**** Source data

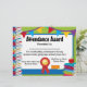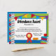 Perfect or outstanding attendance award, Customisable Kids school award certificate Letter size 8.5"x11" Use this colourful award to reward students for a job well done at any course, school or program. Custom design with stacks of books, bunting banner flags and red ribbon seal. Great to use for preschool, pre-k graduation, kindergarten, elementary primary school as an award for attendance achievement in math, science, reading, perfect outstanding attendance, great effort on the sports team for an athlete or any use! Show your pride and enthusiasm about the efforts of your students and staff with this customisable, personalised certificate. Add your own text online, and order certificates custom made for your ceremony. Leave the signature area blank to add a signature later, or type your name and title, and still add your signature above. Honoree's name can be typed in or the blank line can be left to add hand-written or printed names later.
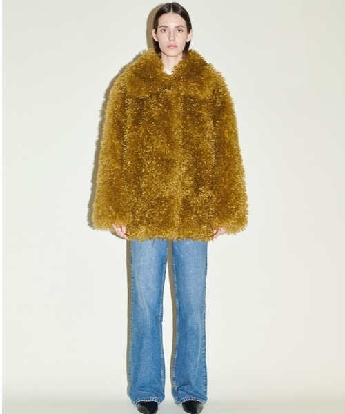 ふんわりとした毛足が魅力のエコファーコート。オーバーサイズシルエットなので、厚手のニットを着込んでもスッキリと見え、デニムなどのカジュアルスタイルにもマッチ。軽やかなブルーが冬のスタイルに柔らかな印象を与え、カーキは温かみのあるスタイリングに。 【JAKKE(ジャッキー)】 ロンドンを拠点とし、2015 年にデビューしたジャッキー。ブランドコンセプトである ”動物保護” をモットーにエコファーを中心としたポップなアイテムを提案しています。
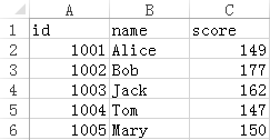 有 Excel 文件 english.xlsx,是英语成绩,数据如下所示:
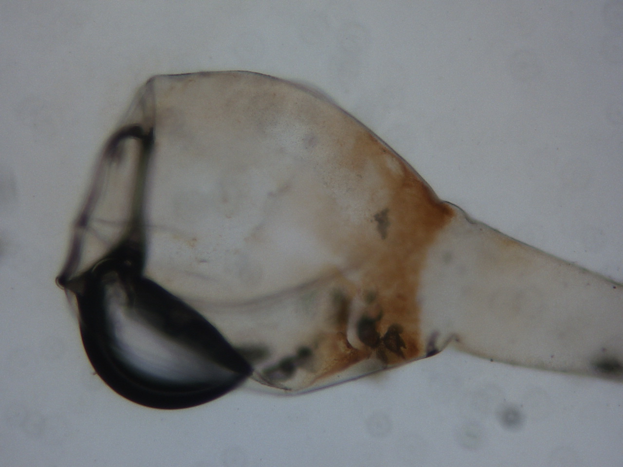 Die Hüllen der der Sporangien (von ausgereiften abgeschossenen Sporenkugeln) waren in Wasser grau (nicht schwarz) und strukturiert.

********

## Exercise objective
Your task is to repeat the material above exactly, without its pictures.

## Reply
 Perfect or outstanding attendance award, Customisable Kids school award certificate Letter size 8.5"x11" Use this colourful award to reward students for a job well done at any course, school or program. Custom design with stacks of books, bunting banner flags and red ribbon seal. Great to use for preschool, pre-k graduation, kindergarten, elementary primary school as an award for attendance achievement in math, science, reading, perfect outstanding attendance, great effort on the sports team for an athlete or any use! Show your pride and enthusiasm about the efforts of your students and staff with this customisable, personalised certificate. Add your own text online, and order certificates custom made for your ceremony. Leave the signature area blank to add a signature later, or type your name and title, and still add your signature above. Honoree's name can be typed in or the blank line can be left to add hand-written or printed names later.
 ふんわりとした毛足が魅力のエコファーコート。オーバーサイズシルエットなので、厚手のニットを着込んでもスッキリと見え、デニムなどのカジュアルスタイルにもマッチ。軽やかなブルーが冬のスタイルに柔らかな印象を与え、カーキは温かみのあるスタイリングに。 【JAKKE(ジャッキー)】 ロンドンを拠点とし、2015 年にデビューしたジャッキー。ブランドコンセプトである ”動物保護” をモットーにエコファーを中心としたポップなアイテムを提案しています。
 有 Excel 文件 english.xlsx,是英语成绩,数据如下所示:
 Die Hüllen der der Sporangien (von ausgereiften abgeschossenen Sporenkugeln) waren in Wasser grau (nicht schwarz) und strukturiert.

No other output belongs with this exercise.